We can define such prototypes as either a:
- **centroid** – the average of similar points wrt continuous features (e.g. petal lengths)
- **medioid** – the most representative/most frequently occurring point wrt categorical features (e.g. discrete color labels, blue vs. red vs. green.)

## Step 1: Download and unzip the dataset

For this assignment you’ll use a dataset which clusters text articles from BBC Sports, by topic (athletics, cricket, football, rugby, tennis).  Download the preprocessed dataset from:

http://mlg.ucd.ie/datasets/bbc.html

(1) Download `bbcsport.zip` to your directory and (2) unzip bbcsport.zip into the four files contained therein. Leave these four files in your homework directory, i.e. do not put them in a data folder. You could also do this within your notebook using the `ZipFile` and `urlrequest.urlretrieve` packages. 

Look at the dataset's web page above to understand the role of each file.

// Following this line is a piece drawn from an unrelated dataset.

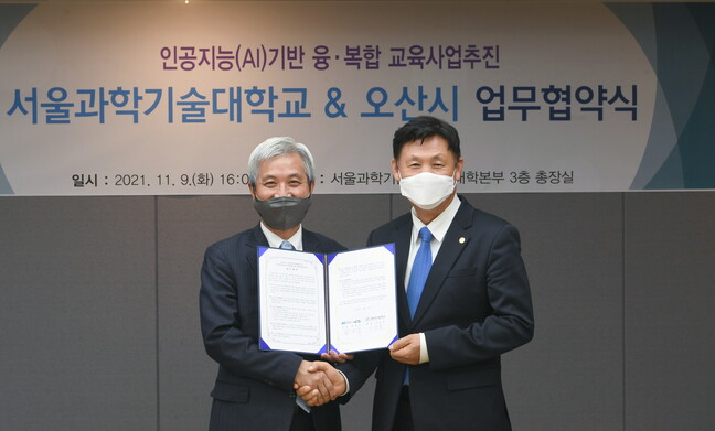 곽상욱 오산시장은 9일 서울과학기술대학교 이동훈 총장과 양 기관이 AI(인공지능) 융·복합 교육 추진을 위해 적극 협력한다는 내용의 상호 업무협약을 체결했다.

Part of the task here is just for you to make sense of the data, and practice being a data scientist.  A few remarks that might help you:

* “Classes” are the five different topics, thus the class file may give a hint as to this (similarly with the docs file, which might be friendlier to read by a human).  Each document ID is ultimately mapped to a class.
* The mtx file represents a sparse matrix with counts of how often each word appeared in a document.  You may want to look at importing `scipy.io` and using `scipy.io.mmread` to read matrices, and the matrix `todense()` method to go from sparse to dense matrices.
* The ordering of the terms in the terms file implicitly gives you their word IDs.

In [None]:
!pip install pandas
!pip install numpy
!pip install matplotlib
!pip install sklearn
!pip install nltk

In [None]:
# Popular imports, you may modify this if you need to add things

from urllib import request
import zipfile
import matplotlib
import pandas as pd
import sklearn
import matplotlib.pyplot as plt
import numpy as np
import scipy.io
from sklearn import preprocessing
import nltk

# For clustering
from sklearn.cluster import KMeans
from sklearn.metrics import silhouette_score
from sklearn.decomposition import PCA
from scipy.spatial.distance import cdist
from statistics import mode

In [None]:
# TODO: download http://mlg.ucd.ie/files/datasets/bbcsport.zip and unzip
#
# Look up the Python docs for ZipFile and urlrequest.urlretrieve
# (remember to use Python 3.x)
#
# Worth 0 points

## YOUR ANSWER HERE


In [None]:
# Check that the files exist
import os.path

if not os.path.isfile('bbcsport.classes'):
    raise ValueError("Don't appear to have successfully downloaded files")
    
if not os.path.isfile('bbcsport.mtx'):
    raise ValueError("Don't appear to have successfully downloaded files")

## Step 2 - Data Prep

Load the data into a dataframe using any of the files you think are relevant. Columns should be terms and rows should be articles.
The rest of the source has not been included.